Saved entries
—————

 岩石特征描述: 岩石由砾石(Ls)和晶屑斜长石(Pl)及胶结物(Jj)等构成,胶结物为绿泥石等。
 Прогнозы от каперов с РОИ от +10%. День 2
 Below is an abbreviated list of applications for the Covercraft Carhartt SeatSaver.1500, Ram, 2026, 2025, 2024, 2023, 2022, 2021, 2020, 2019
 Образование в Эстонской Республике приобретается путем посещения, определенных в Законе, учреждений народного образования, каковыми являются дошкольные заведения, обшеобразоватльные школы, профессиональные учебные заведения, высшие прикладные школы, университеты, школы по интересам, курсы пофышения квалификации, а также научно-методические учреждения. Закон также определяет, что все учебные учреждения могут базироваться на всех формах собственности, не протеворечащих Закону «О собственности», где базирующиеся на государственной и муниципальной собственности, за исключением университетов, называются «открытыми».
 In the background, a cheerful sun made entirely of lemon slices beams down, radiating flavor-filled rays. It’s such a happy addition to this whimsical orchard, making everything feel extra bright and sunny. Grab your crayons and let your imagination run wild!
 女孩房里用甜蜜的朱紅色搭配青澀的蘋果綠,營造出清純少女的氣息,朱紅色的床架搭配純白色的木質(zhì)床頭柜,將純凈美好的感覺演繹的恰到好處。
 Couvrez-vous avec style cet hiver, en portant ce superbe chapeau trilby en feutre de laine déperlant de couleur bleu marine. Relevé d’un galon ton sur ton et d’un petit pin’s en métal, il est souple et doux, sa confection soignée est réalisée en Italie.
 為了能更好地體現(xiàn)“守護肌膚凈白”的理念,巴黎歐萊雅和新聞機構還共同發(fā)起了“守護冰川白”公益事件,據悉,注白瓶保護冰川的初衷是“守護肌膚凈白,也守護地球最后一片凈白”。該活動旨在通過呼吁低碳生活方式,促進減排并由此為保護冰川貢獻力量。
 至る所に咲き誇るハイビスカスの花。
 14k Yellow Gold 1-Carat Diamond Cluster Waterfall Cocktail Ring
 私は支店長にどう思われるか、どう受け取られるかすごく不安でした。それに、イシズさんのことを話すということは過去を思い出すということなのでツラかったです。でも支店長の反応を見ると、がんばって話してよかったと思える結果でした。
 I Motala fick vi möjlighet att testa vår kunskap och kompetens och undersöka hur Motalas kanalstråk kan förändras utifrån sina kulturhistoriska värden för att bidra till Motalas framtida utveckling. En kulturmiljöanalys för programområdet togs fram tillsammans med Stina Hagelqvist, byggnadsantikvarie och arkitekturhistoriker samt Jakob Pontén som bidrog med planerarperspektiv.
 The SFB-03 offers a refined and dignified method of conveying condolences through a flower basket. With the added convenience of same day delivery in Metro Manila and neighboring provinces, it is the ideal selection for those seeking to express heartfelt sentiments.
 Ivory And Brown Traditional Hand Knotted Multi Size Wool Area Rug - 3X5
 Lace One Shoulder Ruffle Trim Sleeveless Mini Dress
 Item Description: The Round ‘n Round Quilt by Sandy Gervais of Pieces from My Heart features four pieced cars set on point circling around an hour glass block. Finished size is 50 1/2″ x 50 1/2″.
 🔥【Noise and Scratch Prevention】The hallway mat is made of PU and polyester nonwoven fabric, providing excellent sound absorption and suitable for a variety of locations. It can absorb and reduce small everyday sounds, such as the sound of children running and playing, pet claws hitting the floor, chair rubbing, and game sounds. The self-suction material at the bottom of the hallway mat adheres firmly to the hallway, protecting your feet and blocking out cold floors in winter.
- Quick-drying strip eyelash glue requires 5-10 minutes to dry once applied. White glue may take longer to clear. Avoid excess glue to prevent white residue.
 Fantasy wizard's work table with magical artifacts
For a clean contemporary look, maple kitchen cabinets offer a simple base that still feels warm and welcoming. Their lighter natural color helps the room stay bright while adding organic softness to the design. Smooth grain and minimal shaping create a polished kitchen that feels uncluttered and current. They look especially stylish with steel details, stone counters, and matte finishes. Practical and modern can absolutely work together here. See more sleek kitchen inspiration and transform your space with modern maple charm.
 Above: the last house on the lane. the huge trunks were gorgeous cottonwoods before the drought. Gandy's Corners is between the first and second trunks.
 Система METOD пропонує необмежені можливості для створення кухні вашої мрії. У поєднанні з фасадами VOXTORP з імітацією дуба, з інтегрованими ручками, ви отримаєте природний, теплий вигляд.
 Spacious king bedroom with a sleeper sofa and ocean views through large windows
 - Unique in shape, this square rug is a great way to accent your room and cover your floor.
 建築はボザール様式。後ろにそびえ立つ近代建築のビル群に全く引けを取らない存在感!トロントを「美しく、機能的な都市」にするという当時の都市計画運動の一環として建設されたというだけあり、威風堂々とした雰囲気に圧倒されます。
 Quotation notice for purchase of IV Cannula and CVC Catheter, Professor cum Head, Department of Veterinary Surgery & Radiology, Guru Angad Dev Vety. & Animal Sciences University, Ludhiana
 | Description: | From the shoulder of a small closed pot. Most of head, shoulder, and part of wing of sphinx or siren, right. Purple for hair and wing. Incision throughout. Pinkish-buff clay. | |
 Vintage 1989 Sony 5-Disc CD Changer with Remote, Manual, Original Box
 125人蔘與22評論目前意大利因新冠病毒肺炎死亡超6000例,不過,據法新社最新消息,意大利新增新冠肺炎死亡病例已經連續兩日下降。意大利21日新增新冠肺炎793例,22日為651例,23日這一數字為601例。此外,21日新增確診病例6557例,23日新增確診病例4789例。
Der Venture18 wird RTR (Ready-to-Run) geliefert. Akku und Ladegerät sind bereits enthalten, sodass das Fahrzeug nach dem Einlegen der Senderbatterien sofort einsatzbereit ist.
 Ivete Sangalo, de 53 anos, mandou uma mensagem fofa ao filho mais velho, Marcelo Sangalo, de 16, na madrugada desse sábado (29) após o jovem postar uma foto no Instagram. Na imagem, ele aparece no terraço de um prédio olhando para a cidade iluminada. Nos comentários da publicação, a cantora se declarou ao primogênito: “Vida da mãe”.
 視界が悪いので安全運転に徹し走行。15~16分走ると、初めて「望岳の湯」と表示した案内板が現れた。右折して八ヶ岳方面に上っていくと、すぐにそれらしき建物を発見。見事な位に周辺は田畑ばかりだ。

—————

= What is required =
Give the number of lines in the records that contain the string "your", and write nothing besides that number.

= Reply =
4